Brachi B, Faure N, Horton M, Flahauw E, Vazquez A, Nordborg M, Bergelson J, Cuguen J, Roux F - PLoS Genet. (2010)

Bottom Line: We describe more than 60 additive QTLs, all with relatively small to medium effects and organized in 5 major clusters.Major genes underpinning flowering time in the greenhouse were not associated with flowering time in this study.Instead, we found a prevalence of genes involved in the regulation of the plant circadian clock.

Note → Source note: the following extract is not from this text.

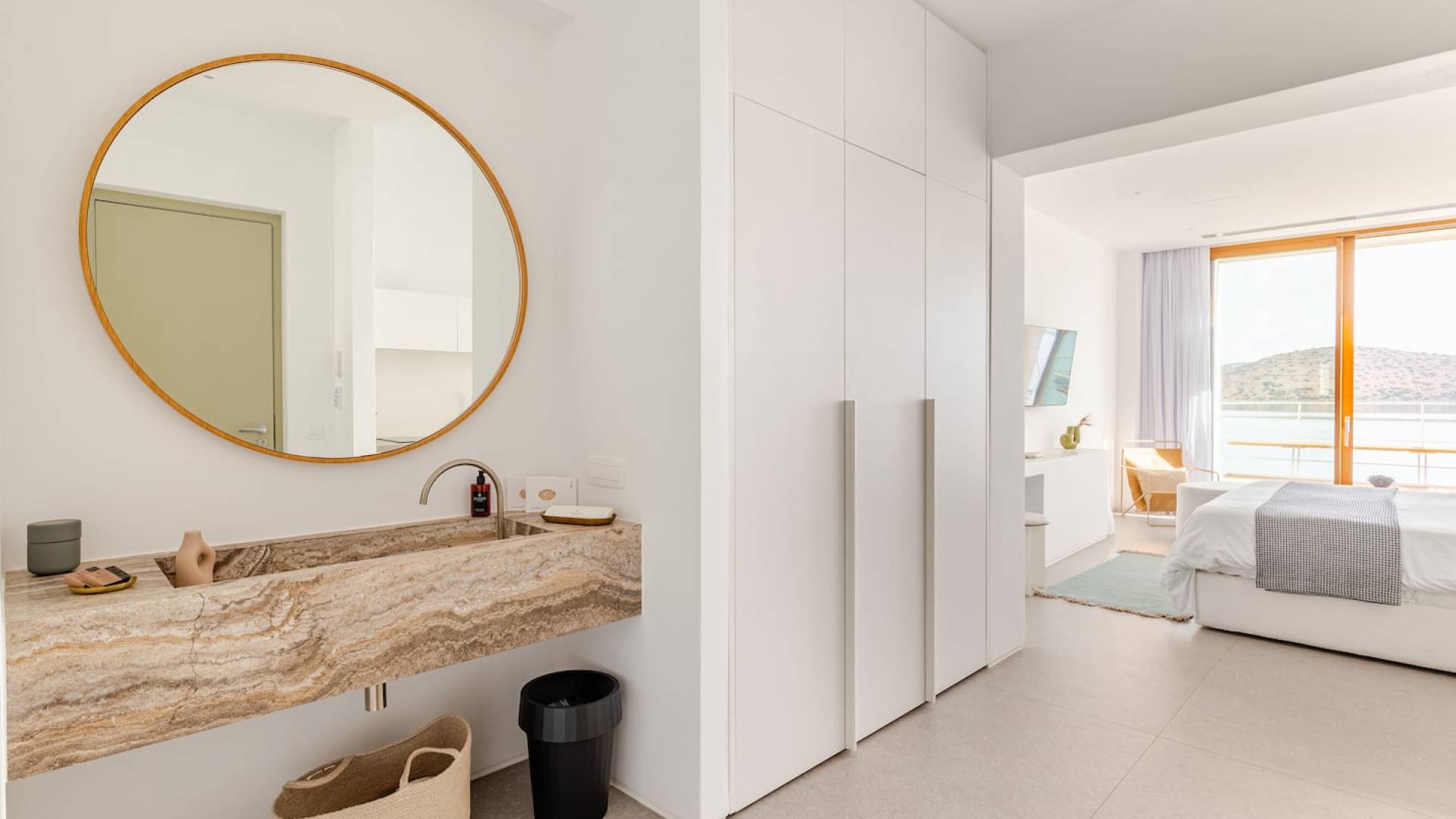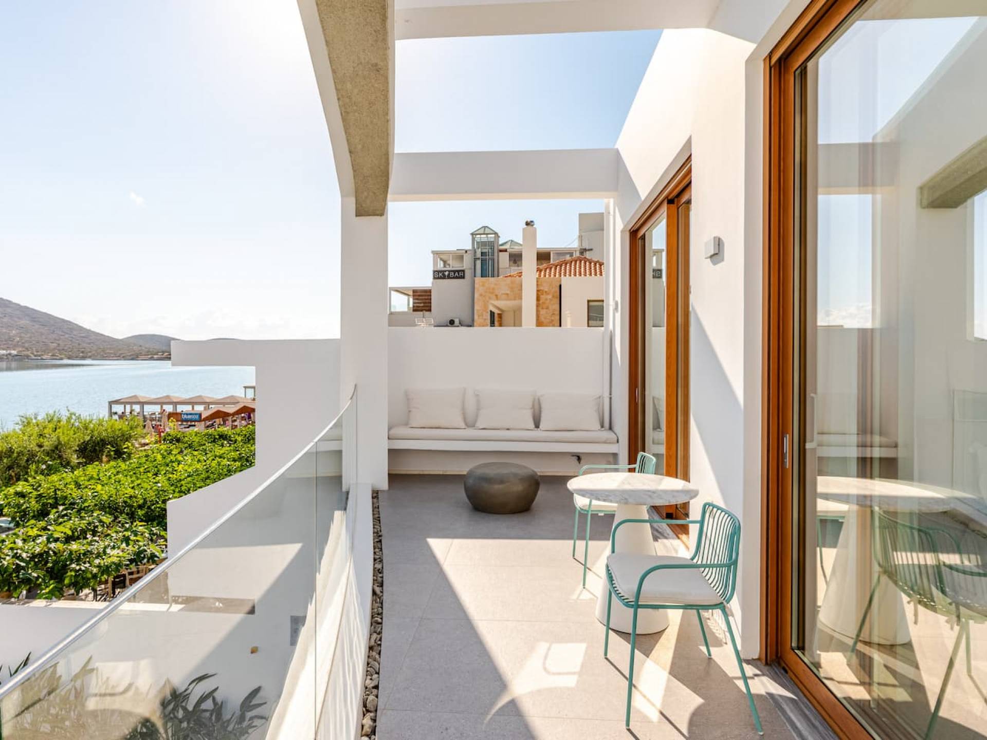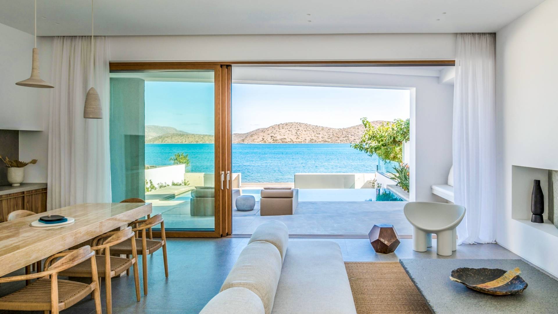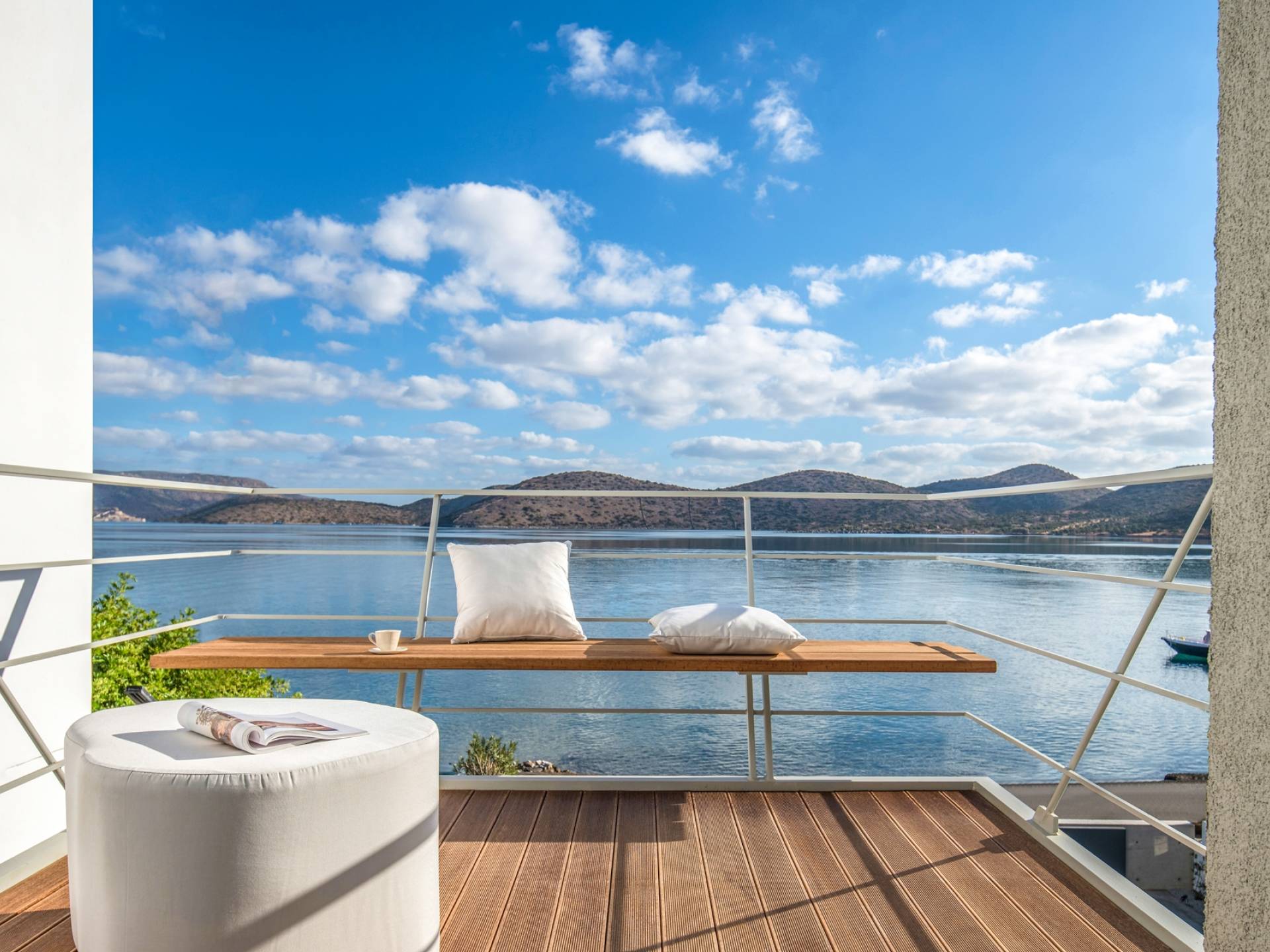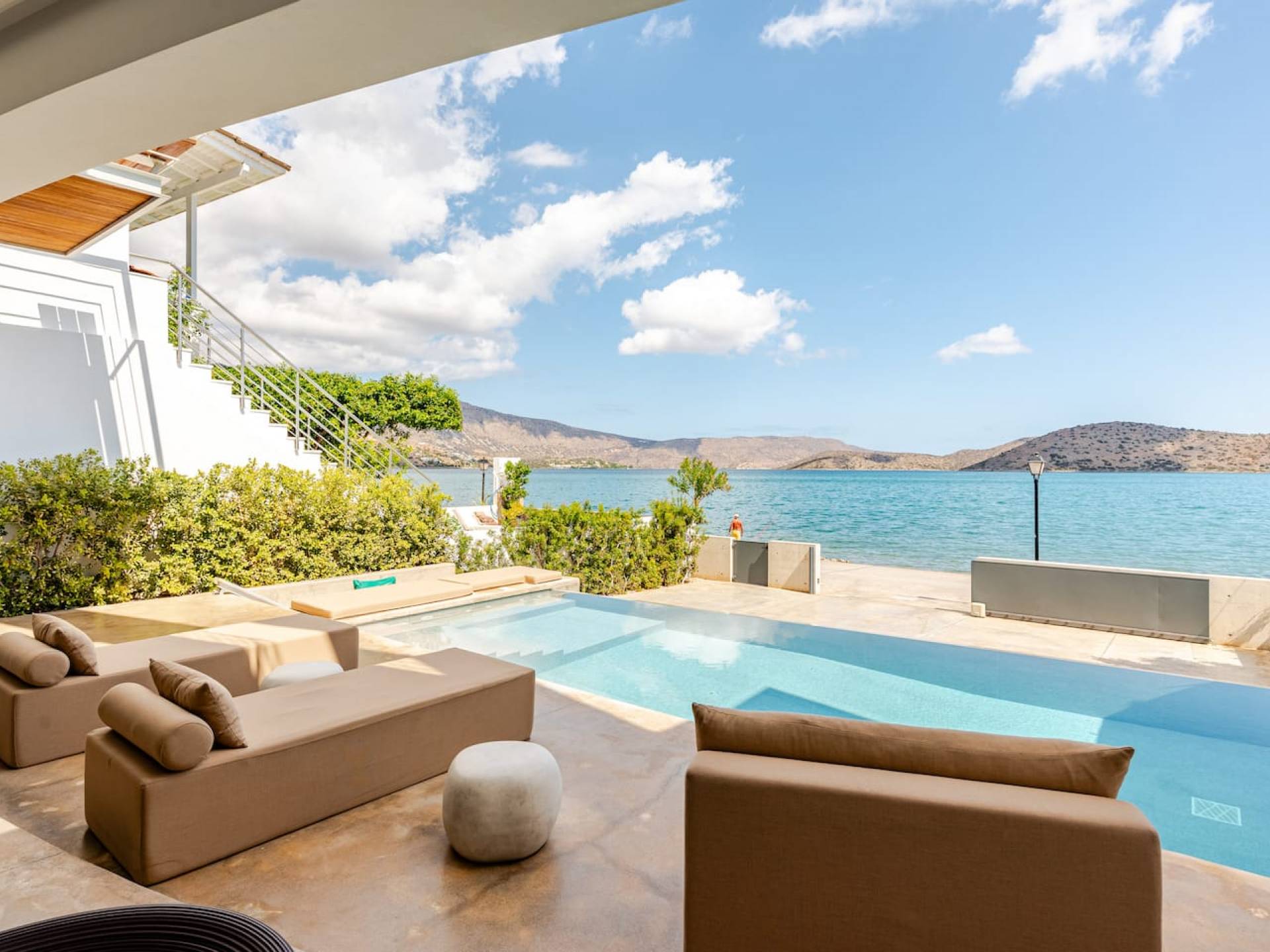 Die natürliche Schönheit der Umgebung ist beeindruckend – umgeben von sanften Hügeln und Olivenhainen bietet Elounda atemberaubende Ausblicke auf die Mirabello-Bucht, besonders stimmungsvoll bei Sonnenaufgang oder Sonnenuntergang – am besten zu genießen von der Terrasse Ihrer Villa.

View Article: PubMed Central - PubMed

Affiliation: Laboratoire Génétique et Evolution des Populations Végétales, Unité Mixte de Recherche CNRS 8016, Université des Sciences et Technologies de Lille 1, Villeneuve d'Ascq, France.

ABSTRACT
Flowering time is a key life-history trait in the plant life cycle. Most studies to unravel the genetics of flowering time in Arabidopsis thaliana have been performed under greenhouse conditions. Here, we describe a study about the genetics of flowering time that differs from previous studies in two important ways: first, we measure flowering time in a more complex and ecologically realistic environment; and, second, we combine the advantages of genome-wide association (GWA) and traditional linkage (QTL) mapping. Our experiments involved phenotyping nearly 20,000 plants over 2 winters under field conditions, including 184 worldwide natural accessions genotyped for 216,509 SNPs and 4,366 RILs derived from 13 independent crosses chosen to maximize genetic and phenotypic diversity. Based on a photothermal time model, the flowering time variation scored in our field experiment was poorly correlated with the flowering time variation previously obtained under greenhouse conditions, reinforcing previous demonstrations of the importance of genotype by environment interactions in A. thaliana and the need to study adaptive variation under natural conditions. The use of 4,366 RILs provides great power for dissecting the genetic architecture of flowering time in A. thaliana under our specific field conditions. We describe more than 60 additive QTLs, all with relatively small to medium effects and organized in 5 major clusters. We show that QTL mapping increases our power to distinguish true from false associations in GWA mapping. QTL mapping also permits the identification of false negatives, that is, causative SNPs that are lost when applying GWA methods that control for population structure. Major genes underpinning flowering time in the greenhouse were not associated with flowering time in this study. Instead, we found a prevalence of genes involved in the regulation of the plant circadian clock. Furthermore, we identified new genomic regions lacking obvious candidate genes.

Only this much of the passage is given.